For example, let’s revisit the Enclustra KX2-ST1 FPGA board. The highlighted component below is the DDR3 SDRAM used in my KX2-ST1 board:
After looking up the part number (MT41K128M16JT-125K), we can see that its maximum clock frequency is 800 MHz, meaning it supports DDR3-1600:
However, we previously determined that the maximum PHY interface rate for the Enclustra KX2-ST1 is 1866 Mb/s. So, what speed grade can the DDR3 memory actually run at? Simply put, it’s limited by the lower of the two rates. In this case, the DDR3 module on the Enclustra KX2-ST1 can run at a maximum of DDR3-1600. The good news is that since the FPGA itself supports up to 1866 Mb/s, we can be confident that it will meet timing and fully utilize DDR3-1600.
Now, let’s look at the Arty-S7 FPGA board. According to its reference manual, the DDR3 memory used is an MT41K128M16JT-125:
Checking the specs for this module (MT41K128M16JT-125), we see that its maximum clock frequency is also 800 MHz, meaning it supports DDR3-1600:
Great! That means we can run this DDR3 at DDR3-1600, right? Not so fast. We previously determined that the maximum PHY rate of the Arty-S7-50 FPGA is only 667 Mb/s. So, even though the DDR3 module is capable of DDR3-1600, the FPGA limits it to DDR3-666.
III.III Master Interface Speed: Keeping Up with UberDDR3
Another factor that can limit the speed grade UberDDR3 can run at is the master interface. As mentioned in the previous section, if the master interface can only meet timing at 100 MHz, then regardless of UberDDR3's ability to run at 200 MHz (DDR3-1600), the entire system will still be limited to DDR3-800 due to the bottleneck at the master interface.
In the next section, we’ll create a Dhrystone application using MicroBlaze on the Enclustra FPGA board. You’ll see how timing fails at DDR3-1600, forcing us to downgrade to DDR3-1333 to meet timing properly. This demonstrates how the master interface (in this case, the MicroBlaze system) fails to meet timing at DDR3-1600, ultimately limiting the entire MicroBlaze + UberDDR3 system to a lower speed grade.

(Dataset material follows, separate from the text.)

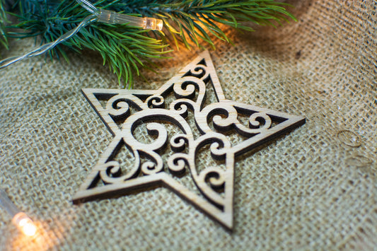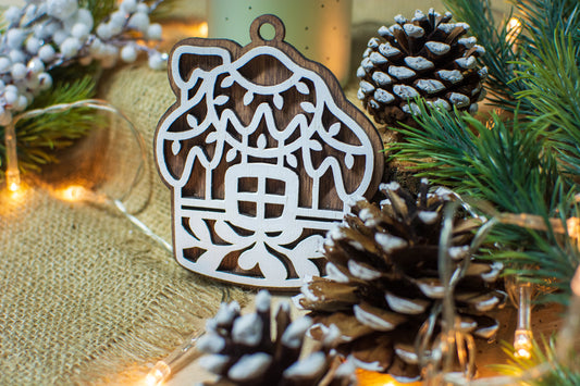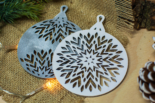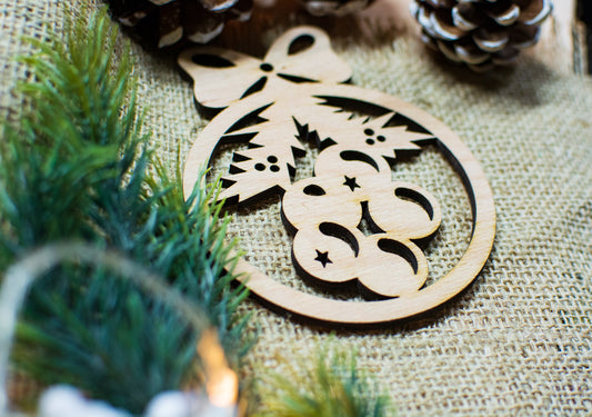 Set 2 globuri de Craciun HH881 din Lemn Model Traditional de Craciun
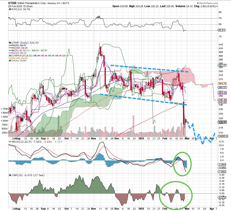 A monster down session for United Therapeutics UTHR this week has this company on the defensive. The stock had a huge volume day to the downside Wednesday, breaking a widening wedge pattern (drawn in) and finishing in the lower end of the range. The drop on heavy volume is the big money holders simply calling it quits and selling the stock. That often leads to lower prices, and we'll take advantage of it.

IV. Project Demo 1: MicroBlaze Dhrystone Test
Now, for the long-awaited project demo! For this, I’ll be using everyone’s favorite—Vivado’s drag-and-drop MicroBlaze project. To benchmark performance, we’ll run the Dhrystone test. If you’re looking for a step-by-step guide on setting up a MicroBlaze project with UberDDR3, check out these previous blog posts:
In this project, UberDDR3 will serve as the cache memory for MicroBlaze, and we’ll run the Dhrystone test as the application. Below is the final block design:
A PDF export of the Vivado block design is also attached for reference:
IV.I Attempting DDR3-1600
First, let's try running the system at DDR3-1600. As shown below, the controller clock is set to 200 MHz, and the DDR3 clock is 800 MHz:
For UberDDR3, the controller clock period is configured as 5000 ps (200 MHz):
For the Enclustra KX2-ST1 constraint file, use this constraint file.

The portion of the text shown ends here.